Project Home: http://www.clusterlabs.org
Getting started: http://www.clusterlabs.org/doc/Cluster_from_Scratch.pdf
Bugs: http://bugs.clusterlabs.org


dejanmm at fastmail

Aug 13, 2012, 9:03 AM

Post #6 of 9 (403 views)
Permalink
Re: Critical: Monitor operation of IPaddr2 timing out, taking more than 60s. Fails to recover. [In reply to]

Hi,

On Fri, Aug 10, 2012 at 05:44:47AM +0000, Parshvi wrote:
> T
> Mario Penners <mario.penners@...> writes:
>
> >
> > Hi Parshvi,
> >
> > just a quick-shot and without analyzing your mail in detail: find
> > attached an edited version of the IPaddr2 RA.
> >
> > I was trying to use the original script a while agho, and basically
> > nothing worked: It did not recognize the link failures (due to the way
> > how the test was implemented it would only work if you have not more
> > than 1 IP per interface), there was no proper support for bonding, the
> > IP addresses would not be shifted ....
> >
> > I did some (very minor) changes to ge the script working for us. Just
> > have a shot at it if you want, maybe replacing the RA will already solve
> > your problem.
> >
> > Cheers,
> > Mario
> >
> > On Thu, 2012-08-09 at 05:44 +0000, Parshvi wrote:
> > > Parshvi <parshvi.17@...> writes:
> > >
> > > >
> > > > Hi,
> > > >
> > > > The monitor operation of IPaddr2 rsc agent is timing out.
> > > > Interval: 5s
> > > > Timeout: 60s
> > > > The timeout was increased from an earlier 20s to now 60s. Even then, there
> are
> > > > multiple logs of monitor op. timing out.
> > > >
> > > > 1) What can cause the monitor to take so long ?
> > > > 2) Looking at the pe-input, what contributes to the operation time ? Is it
> > > just
> > > > the exec-time or exec-time + queue-time ?
> > > > 3) Any solution proposed ?
> > > >
> >
>
> Thanks Mario for your input.
>
> The are some more findings:
> 1) The monitor is not timing out in all environments.
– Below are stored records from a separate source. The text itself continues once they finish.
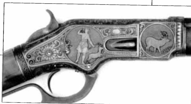
Gift of Olin Corporation, Winchester Arms Collection 1988.8.3283
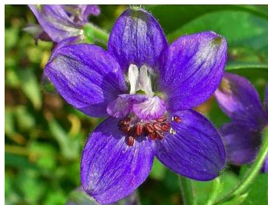
Figure I. 20

Its use in post coital cystitis has been documented 21 . Staphysagria is also useful in joint pain that usually appears due to tenderness, injured, immobile limbs. Staphysagria is also recommended by homeopaths for the treatments of Styes, teething problem, Blepharitis, Psoriasis, hemorrhoids. 22
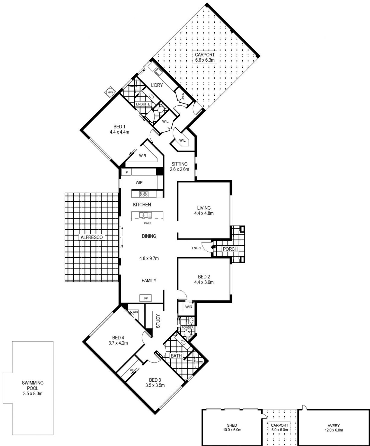
SHED/CARPORT/AVERY (NOT TO SCALE)

I have been through some
> of the forum mails, and came across people talking about "heavy load on the
> system" wrt the timeout issue.
> 2) Could somebody explain, what exactly are we referring to when we say "heavy
> load" ? Also, how does it affect an operations execution ?

Heavy load, as in many processes contending for system
resources such as CPU or disk.

> 3) THE OPERATION MONITOR IS TIMING OUT ON OTHER RESOURCES TOO( ALONG WITH
> IPADDR2).

That seems to indicate that indeed there's a load which your
computer cannot sustain. BTW, why uppercase?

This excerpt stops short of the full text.